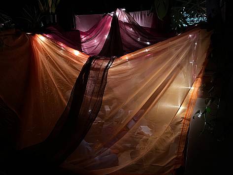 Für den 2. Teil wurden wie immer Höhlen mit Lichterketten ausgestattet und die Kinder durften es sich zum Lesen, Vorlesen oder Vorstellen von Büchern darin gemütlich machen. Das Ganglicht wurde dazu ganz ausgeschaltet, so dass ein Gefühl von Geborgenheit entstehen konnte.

==

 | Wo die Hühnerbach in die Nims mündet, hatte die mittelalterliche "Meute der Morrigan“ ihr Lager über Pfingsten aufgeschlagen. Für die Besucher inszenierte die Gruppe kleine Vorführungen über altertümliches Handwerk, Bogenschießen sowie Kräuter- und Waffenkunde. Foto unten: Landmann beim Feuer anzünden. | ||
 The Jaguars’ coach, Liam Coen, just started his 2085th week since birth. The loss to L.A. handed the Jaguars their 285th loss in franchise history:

* * *

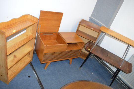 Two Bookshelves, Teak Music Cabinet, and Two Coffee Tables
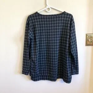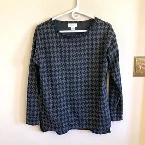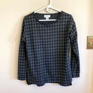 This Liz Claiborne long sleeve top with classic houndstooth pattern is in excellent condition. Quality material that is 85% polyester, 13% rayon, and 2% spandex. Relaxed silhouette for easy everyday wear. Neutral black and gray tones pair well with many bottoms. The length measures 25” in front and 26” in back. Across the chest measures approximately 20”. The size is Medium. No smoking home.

*PROBLEM REQUIREMENTS*
Repeat, word for word, the lines of the material above from the one holding "Two Bookshelves, Teak" through the one holding "This Liz Claiborne". Leave out pictures.

*RESULT BELOW*
 Two Bookshelves, Teak Music Cabinet, and Two Coffee Tables
 This Liz Claiborne long sleeve top with classic houndstooth pattern is in excellent condition. Quality material that is 85% polyester, 13% rayon, and 2% spandex. Relaxed silhouette for easy everyday wear. Neutral black and gray tones pair well with many bottoms. The length measures 25” in front and 26” in back. Across the chest measures approximately 20”. The size is Medium. No smoking home.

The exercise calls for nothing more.